In yet another example, the method further includes receiving, by the one or more processors, labeled data. In yet another example, training the machine learning model further includes training the machine learning model to detect network anomalies using the labeled data.
In yet another example, determining the pseudo labels further includes matching a distribution of anomaly scores of positively labeled data to anomaly scores of the unlabeled data and estimating a positive marginal distribution. In yet another example, determining the pseudo labels further includes matching a distribution of anomaly scores of negatively labeled data to anomaly scores of the unlabeled data and estimating a negative marginal distribution.
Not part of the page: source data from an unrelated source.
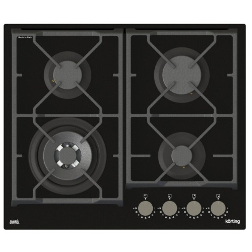 Технология «Flame Control» Регулировка интенсивности пламени стала особо удобной благодаря технологии Flame Control! Регулятор поверхности оснащён девятью положениями интенсивности пламени, благодаря чему Вы всегда можете установить необходимый нагрев с высокой точностью. Газ-контроль Даже если пламя погаснет, вам не стоит переживать, ведь во всех моделях Korting установлена система безопасности «Газ-контроль». Данная функция просто остановит подачу газа в случае, если конфорка случайно погаснет. Электроподжиг Вам больше не придется пользоваться спичками и зажигалками. Система «Электроподжиг» от Korting очень удобна и абсолютно безопасна. Просто поверните и нажмите регулятор – конфорка автоматически зажжется. Чугунные держатели для посуды Korting изготавливает держатели для посуды из высококачественных материалов, чтобы вы могли пользоваться ими долгие годы. Держатели из чугуна эргономичны и очень устойчивы. Благодаря этому вам удобно готовить на поверхностях Korting, а риск падения кастрюль и пролива жидкостей сводится к минимуму. Уникальная конструкция WOK Новая зона WOK имеет три контура нагрева, которые помогают распределять тепло по всему дну посуды, обеспечивая более равномерный прогрев всего дна. Новая конструкция позволяет снизить потребление газа без изменения эффективности. Расположение WOK-зоны Мощная горелка WOK перемещена по сравнению со стандартным размещением и расположена на передней части поверхности, что исключает нагрев стеновых панелей кухни, такое расположение более удобное для приготовление объёмных блюд. Металлические поворотные регуляторы Поворотные регуляторы газовых варочных поверхностей Korting выполнены из металла, что создает профессиональный стиль и препятствует их нагреву. Безопасное управление Поворотные регуляторы находятся вдали от мощной конфорки WOK. Это исключает случайное соприкосновение с горячими поверхностями в процессе приготовления, и регуляторы подвергаются меньшему тепловому воздействию. Стеклянная поверхность Высокая устойчивость к тепловому и химическому воздействию, низкое тепловое расширение, высокая устойчивость к тепловым ударам, способность выдерживать в течение длинных периодов времени температуры до 450°C. Все это позволяет использовать его в течение длительного времени, в самых сложных задачах при приготовлении пищи. Крепление держателей Новое крепление позволяет надежнее фиксировать чугунные держатели, в процессе использования держатели не двигаются в разные стороны, что позволяет безопаснее готовить, без риска опрокинуть или сдвинуть посуду.
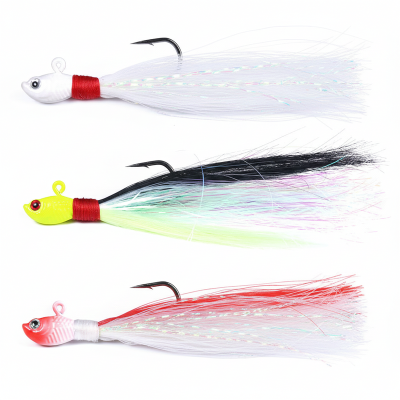 Bucktail Jigs Head Hook 3D Eyes Bait 7g 14g 28g 56g Deer Hair Feather Hook Beard Jigging Lure Fishing
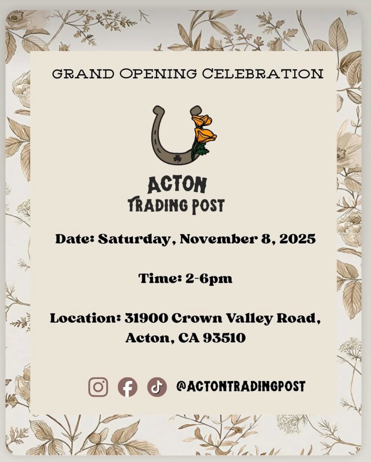 Acton Trading Post 31900 Crown Valley Road, Acton, CA, United States31900 Crown Valley Road, Acton 2-6pm, An afternoon of ribbon cutting, exclusive discounts, raffles, photo-op, DIY “make & take” fun and sweet treats. Western-inspired boutique - home décor, apparel, handmade […]
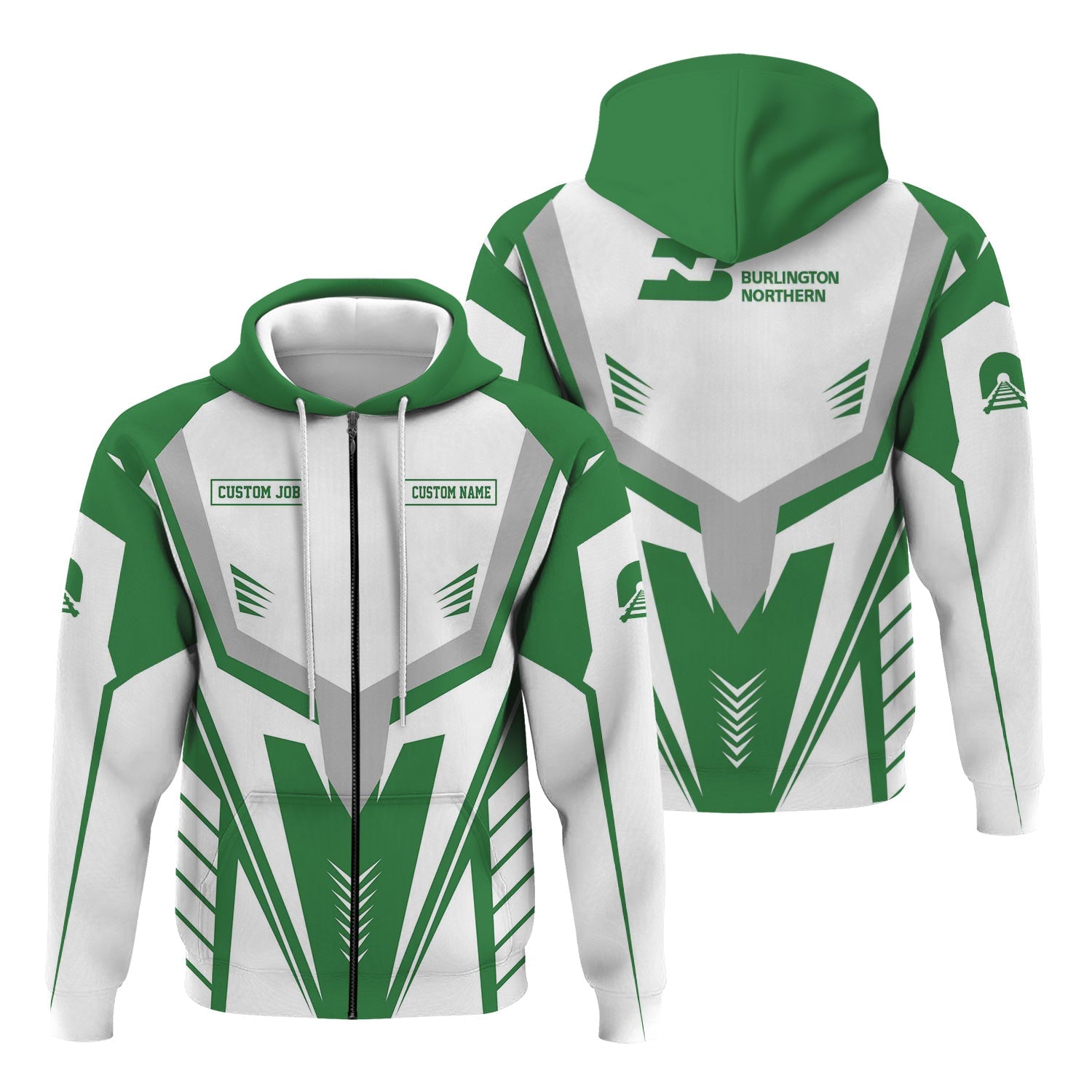 Railspirit Personalized Burlington Northern Railroad Hoodie Workwear-Inspired with Custom Position Train Zip Up Hoodie
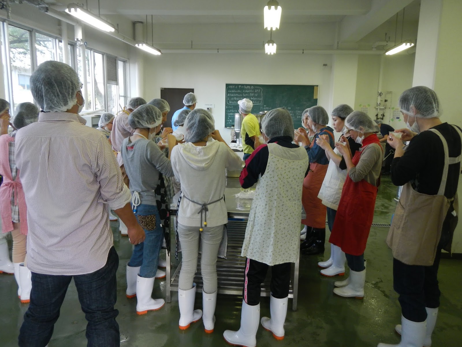 その後加工室に移動し、実際にヨーグルトとソフトクリームの作成を行いました。数種類の原料を混ざりやすくするためや、温度を上げて殺菌するためにこまめに温度を調整する必要があり、なかなか大変な作業となりましたが、参加者の皆さんが協力しあって完成させることが出来ました。
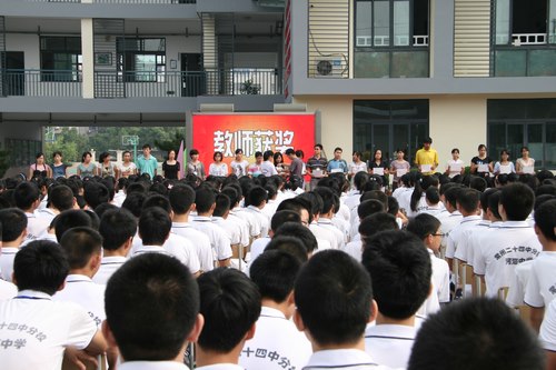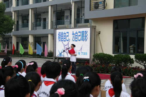 刚刚来到河海中学的新生代表郭子健同学畅谈了他们在夏令营的收获,确立了奋斗的目标,向全体师生展示了一个踌躇满志的新集体。
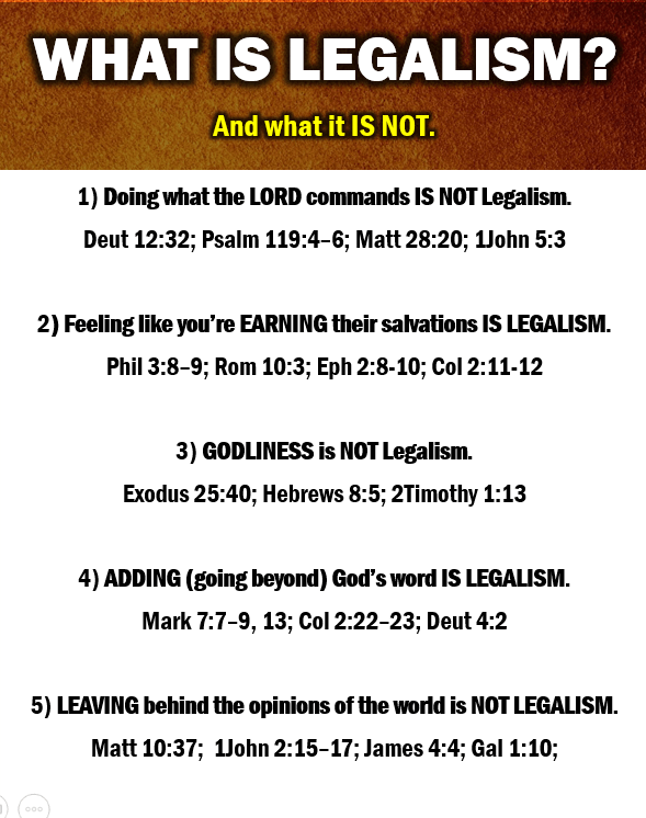Add (Legalism) To add to God’s Word, known as legalism, involves imposing human rules or traditions as divine mandates, distorting Scripture’s intent (Deuteronomy 4:2, Proverbs 30:6). Legalism burdens believers with extra-biblical requirements, as seen in the Pharisees’ elevation of oral traditions, which Jesus rebuked (Mark 7:8-13). This practice fosters self-righteousness, shifting focus from God’s grace to man-made standards.

In yet another example, training the machine learning model further comprises using binary cross entropy on the pseudo labeled data.
Another aspect of the disclosure provides for a system including: one or more processors; and one or more storage devices coupled to the one or more processors and storing instructions that, when executed by the one or more processors, cause the one or more processors to perform operations for anomaly detection. The operations include: receiving unlabeled data; determining pseudo labels for the unlabeled data using a plurality of one-class classifiers; assigning the pseudo labels to the unlabeled data to generate pseudo labeled data; and training a machine learning model to detect network anomalies using the pseudo labeled data.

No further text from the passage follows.